Talks continue on a new ballpark for the Lafayette Aviators (summer collegiate; Prospect League), and city officials are trying to pinpoint a timeline for the project.
The Aviators currently play at Loeb Stadium, a ballpark that opened in 1940 and is past the point where it could be renovated into a workable facility. With that in mind, the solution the city has discussed is to tear down the ballpark and construct a new facility on the same site.
Plans have called for the $10 million ballpark to seat 2,500, and to be equipped with a field turf that supports events other than baseball. Fellow Prospect League facility Kokomo Municipal Stadium has been cited as Lafayette’s model, and that ballpark’s design firm–the Indianapolis-based American Structurepoint–has been brought in to work on the Lafayette project.

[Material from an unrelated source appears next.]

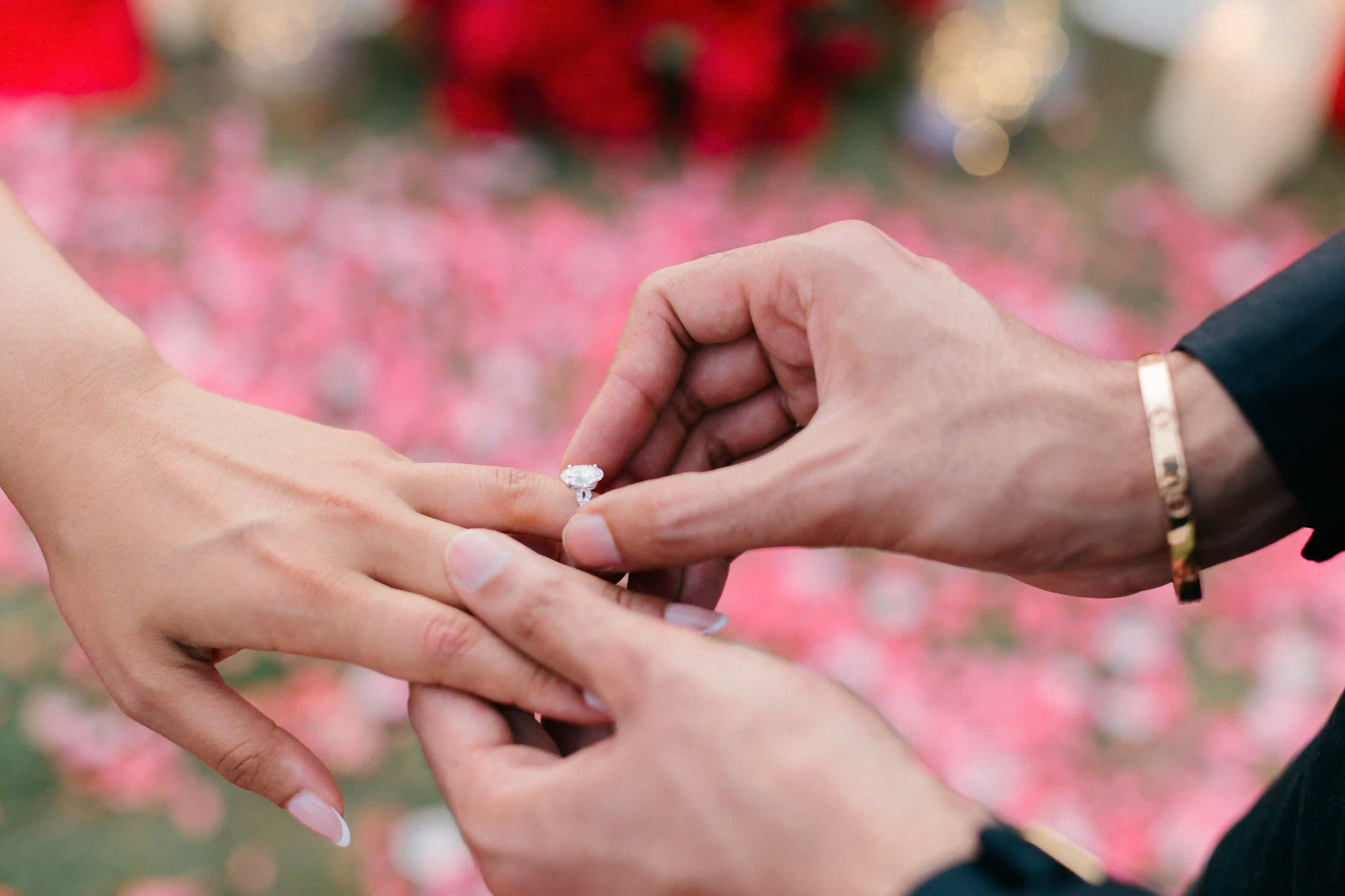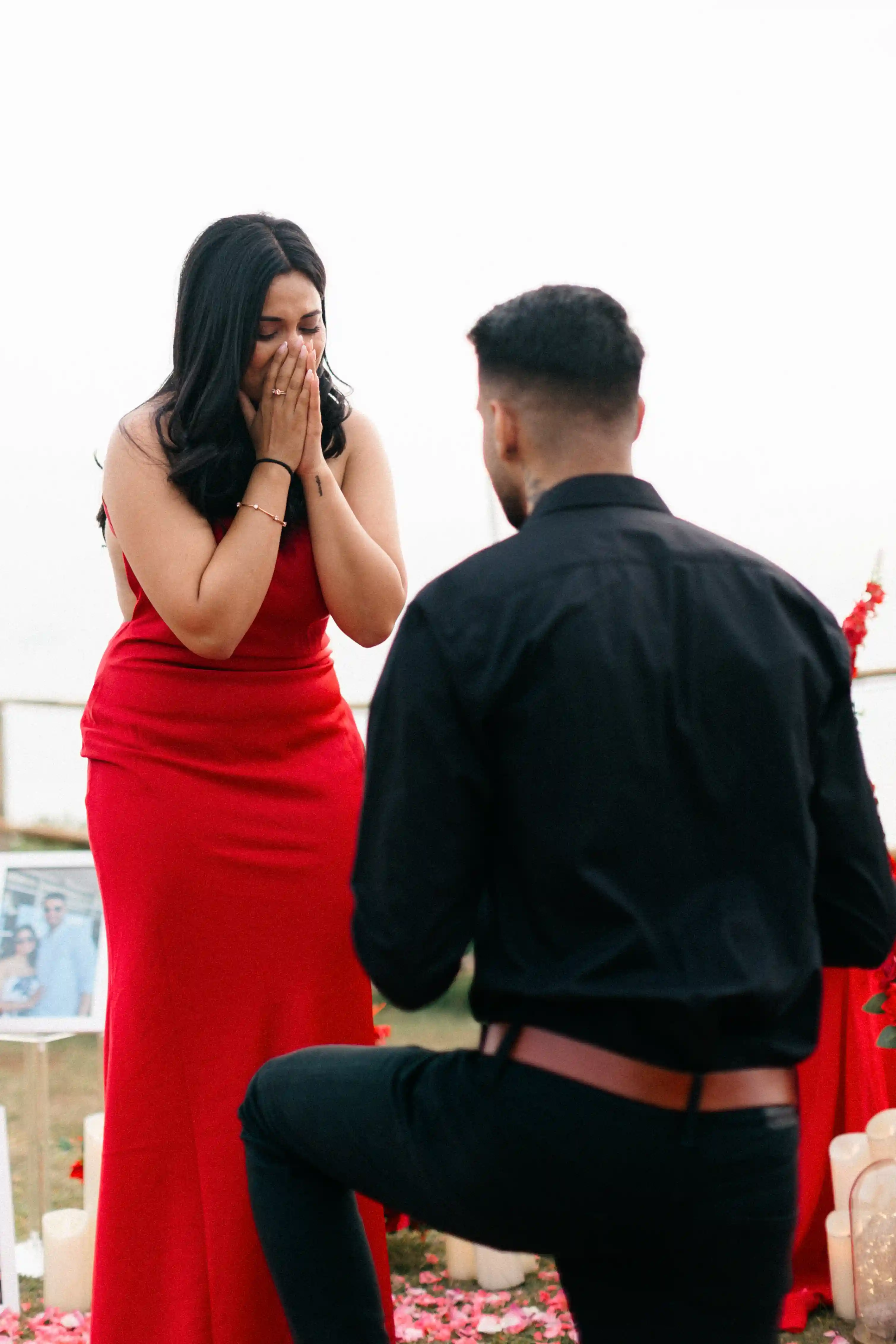 As Mehak arrived, she thought it was just a photoshoot before dinner. Then she noticed the pictures of them placed between the flowers, realized what was happening, and turned to see Chaintanya waiting for her. With the ocean behind them and the sky glowing in soft pink and gold, he took her hands and asked her to marry him.

A new ballpark could be in place by 2019, but there are questions about how the project could be completed without interrupting Loeb Stadium’s three main baseball seasons–those of Lafayette Jefferson High School, the Aviators, and the Colt World Series. One solution that has been discussed is to tear Loeb Stadium down after the 2018 Colt World Series, and having it up and running by the time Lafayette Jefferson begins its season.
While it has not been decided what course the city will take, this option is gaining some traction. More from the Lafayette Courier & Journal:
“That’s something, quite frankly, I didn’t think it was possible,” [mayor Tony] Roswarski said. “I’ve always thought about the two-season schedule but at the last steering committee meeting they thought it was possible.”
Dan McClosky, senior project architect at American Structurepoint, said it’s feasible to construct Lafayette’s new stadium, which will have a seating capacity of around 2,500, in less than one year.
In fact, Kokomo’s Municipal Stadium was built in a similar time period.
“It’s all about preplanning and getting everything staged up and ready to go,” McCloskey said. “There’s a water line under the field but that can be done at a different time. That takes out some of the unknowns that might delay the construction period.”